The scope of the claims

 1. An oxide passivation film with a thickness of 5 nm or more and a Cr ZF e (atomic ratio: the same applies hereinafter) of 1 or more on the surface of stainless steel with a grain size number of 6 or more. Having stainless steel.

 2. The stainless steel having the oxidation passivation film according to claim 1, wherein the grain size number is 8 or more.

 3.Stainless steel having an oxide passivation film with a thickness of 5 nm or more and a CrZFe of 1 or more on the outermost surface on the surface of stainless steel having a strain amount of 0.2% or more. steel.

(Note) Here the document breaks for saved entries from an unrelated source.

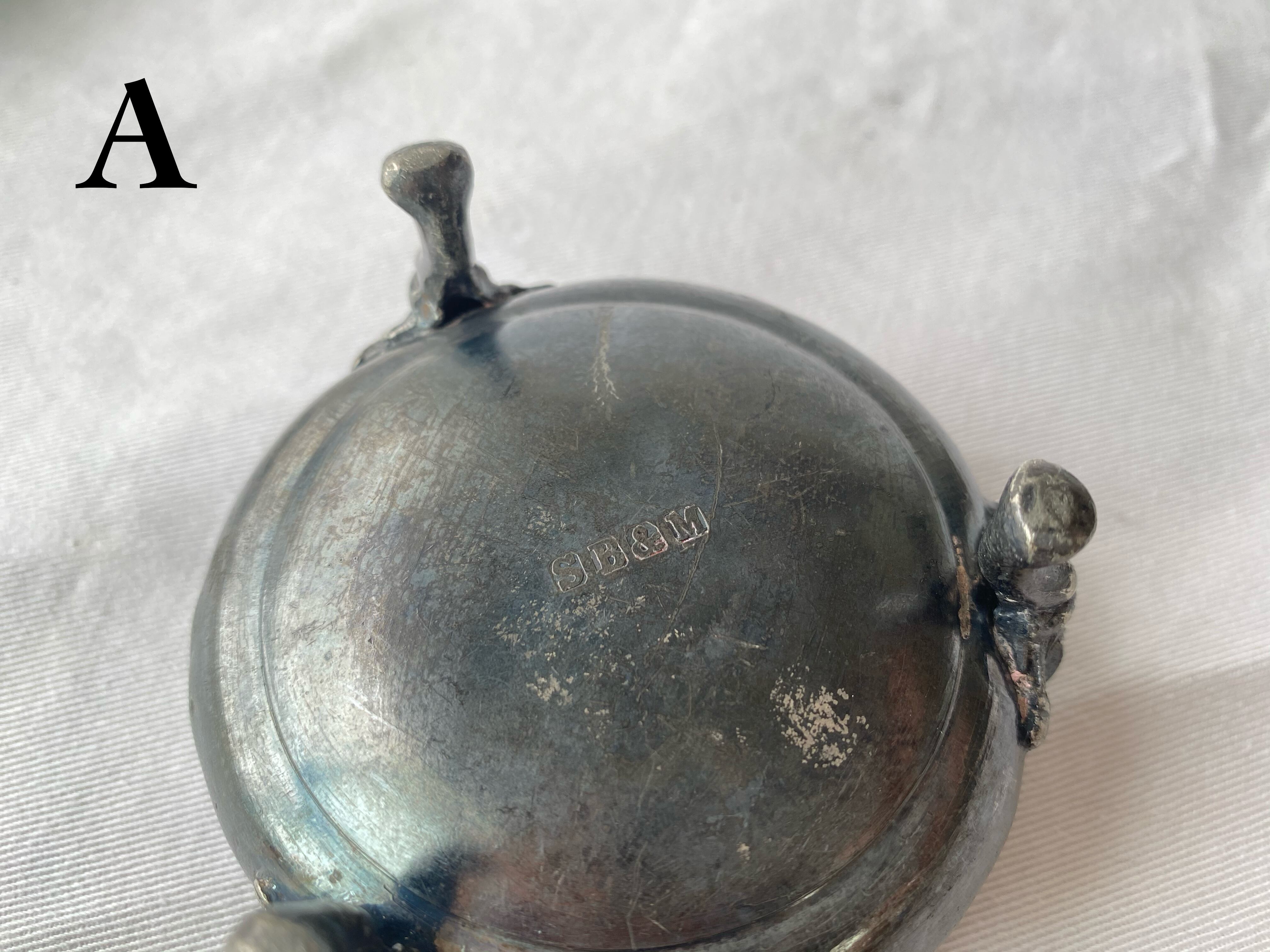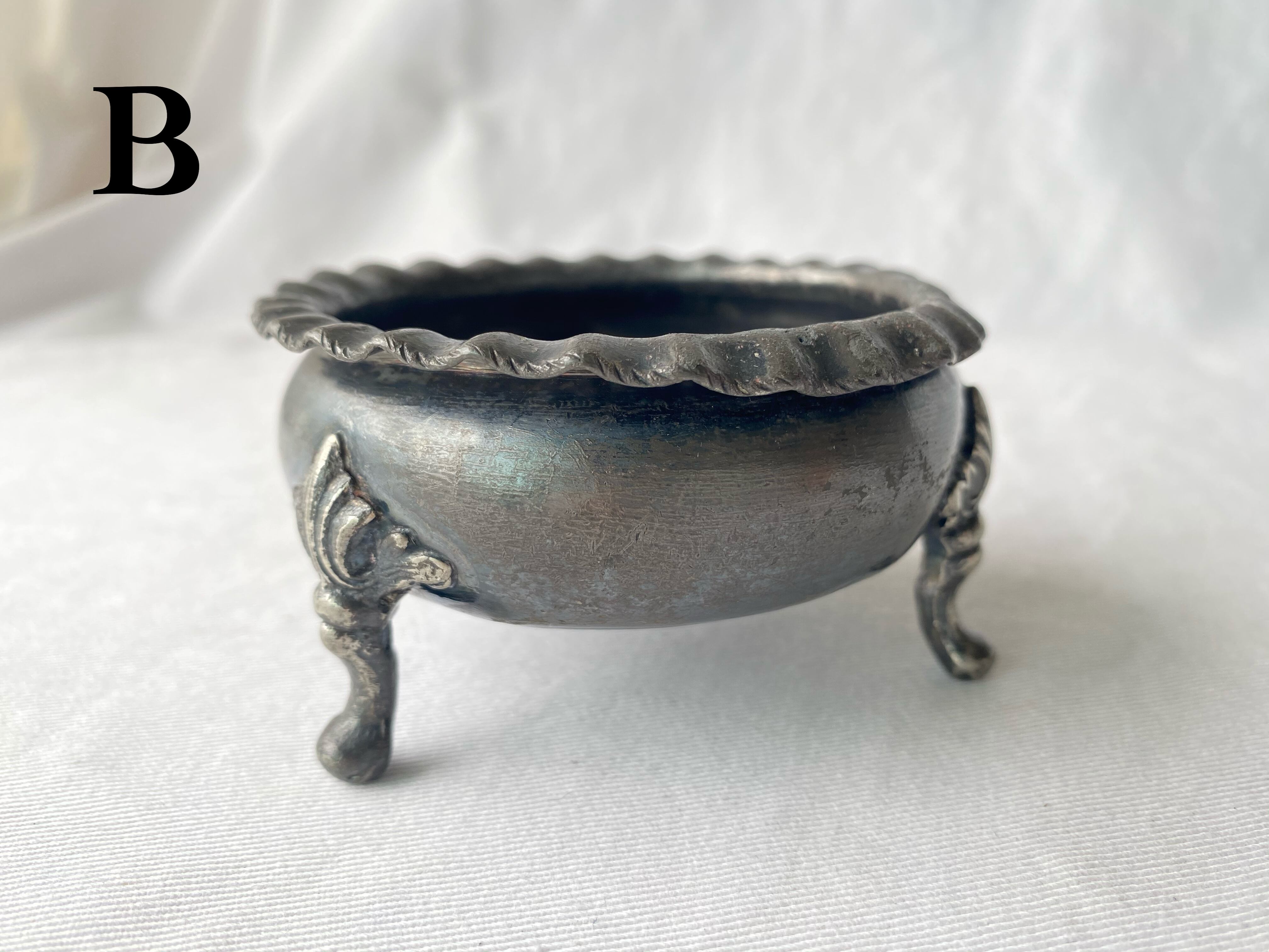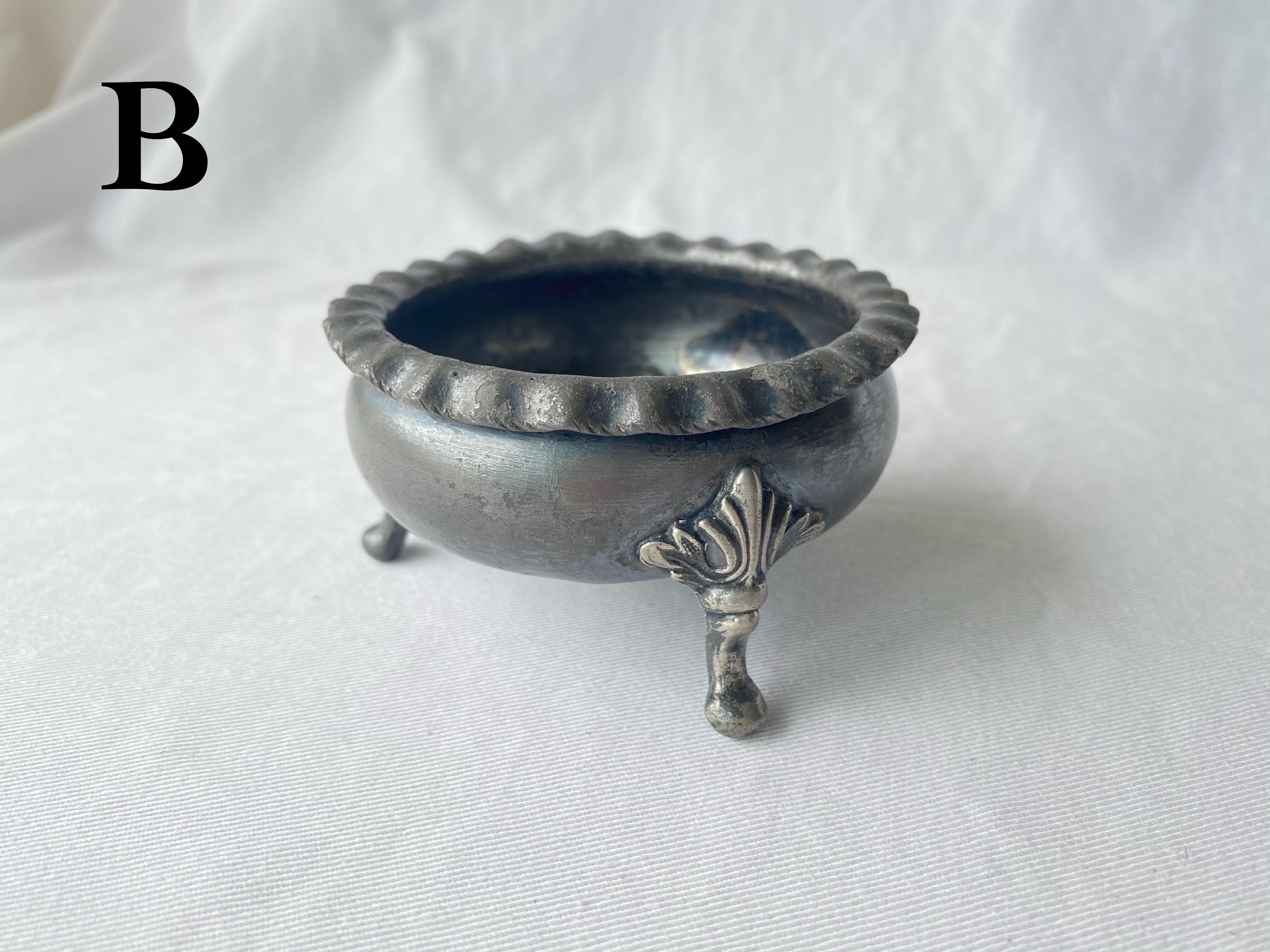 イギリス バーミンガムのSturges,Bladon&Middleton社のピューター(錫の合金)製のトレイ 猫脚にレースの縁取りがかわいらしいデザインです 小物入れや飴などのお菓子入れにもおすすめです size: θ8 H4.5 (cm) ※ABそれぞれの傷凹みなどは写真でご確認ください
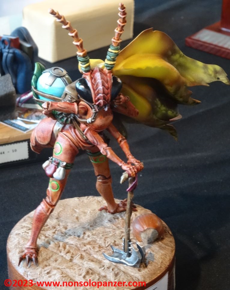 At the award ceremony, I received a very unexpected prize. “Abdel Rashid“, the bust of a lion man dressed as a Tuareg, was appreciated by Suzume Shun, a very talented girl who designs and prints her own fantasy characters. While strolling through the trade fair’s commercial area, I had taken a long break at Suzume’s stan appreciating in particular the “Working Ant” miniature. You can well imagine my surprise when I found out that Suzume had decided to award my bust with that work. Therefore, I would like to thank Suzume here too, wishing me to live up to the pictorial expectations he places on me.
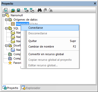 El proyecto contiene una conexión a una base de datos SQLite que está inactiva por defecto. Para conectarse al origen de datos haga clic con el botón derecho en la ventana Proyecto y seleccione Conectarse en el menú contextual.
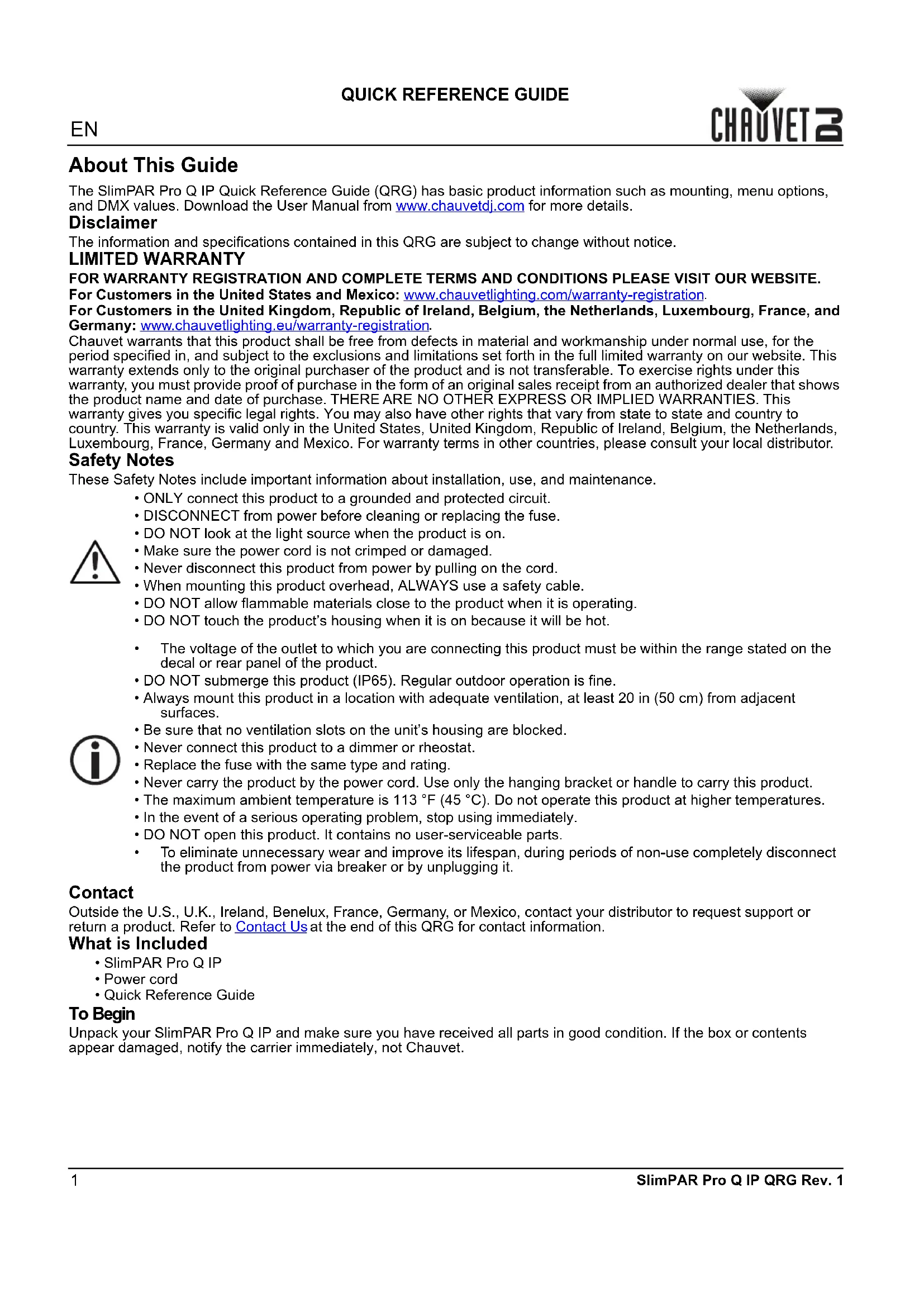 Chauvet warrants that this product shall be free from defects in material and workmanship under normal use, for the period specified in, and subject to the exclusions and limitations set forth in the full limited warranty on our website. This warranty extends only to the original purchaser of the product and is not transferable. To exercise rights under this warranty, you must provide proof of purchase in the form of an original sales receipt from an authorized dealer that shows the product name and date of purchase. THERE ARE NO OTHER EXPRESS OR IMPLIED WARRANTIES. This warranty gives you specific legal rights. You may also have other rights that vary from state to state and country to country. This warranty is valid only in the United States, United Kingdom, Republic of Ireland, Belgium, the Netherlands, Luxembourg, France, Germany and Mexico. For warranty terms in other countries, please consult your local distributor. Safety Notes These Safety Notes include important information about installation, use, and maintenance. Contact Outside the U.S., U.K., Ireland, Benelux, France, Germany, or Mexico, contact your distributor to request support or return a product. Refer to Contact Us at the end of this QRG for contact information. What is Included To Begin Unpack your SlimPAR Pro Q IP and make sure you have received all parts in good condition. If the box or contents appear damaged, notify the carrier immediately, not Chauvet.

 4. Stainless steel is electropolished, then baking is performed in an inert gas to remove moisture from the surface of the stainless steel, and then the hydrogen gas or a mixed gas of hydrogen and an inert gas is removed. An acid containing chromium oxide as a main component, wherein heat treatment is performed at a temperature of 300 ° C. to 600 ° C. in a gas atmosphere containing less than 4 ppm of oxygen or less than 500 ppb of moisture. A method for forming a passivated film.

 5. The method for forming an oxide passivation film according to claim 4, wherein a stainless steel having a crystal grain size of 6 or more is used.

 6. The method for forming an oxide passivation film according to claim 5, wherein a stainless steel having a crystal grain size of 8 or more is used.

 7. The method for forming an oxide passivation film according to claim 6, wherein a cold working with a surface reduction rate of 2% or more is performed before the electrolytic polishing.

 8. The method for forming an oxide passivation film according to claim 4, wherein a stainless steel having an oxygen content of several ppm or less is used.

 9. Composite electrolytic polishing of stainless steel, followed by baking in an inert gas to remove moisture from the surface of the stainless steel, and then in hydrogen gas or a mixed gas of hydrogen and inert gas An acid containing chromium oxide as a main component, which is heat-treated at a temperature of 300 ° C. to 600 ° C. in a gas atmosphere containing less than 4 ppm of oxygen or less than 500 ppb of moisture. A method for forming a passivated film.

10. The method for forming an oxide passivation film according to claim 9, wherein the stainless steel has an oxygen content of several ppm or less.

1 1. Polish the stainless steel with fluid abrasive grains, then remove the moisture from the surface of the stainless steel by baking in an inert gas, and then remove the hydrogen gas or hydrogen and inert gas. Oxidation based on chromium oxide, characterized by heat treatment at a temperature of 300 ° C to 600 ° C in a gas atmosphere containing less than 4 ppm of oxygen or less than 500 ppb of moisture in a mixed gas A method of forming a passivation film.

 12. The method for forming an oxide passivation film according to claim 11, wherein a stainless steel having an oxygen content of several ppm or less is used.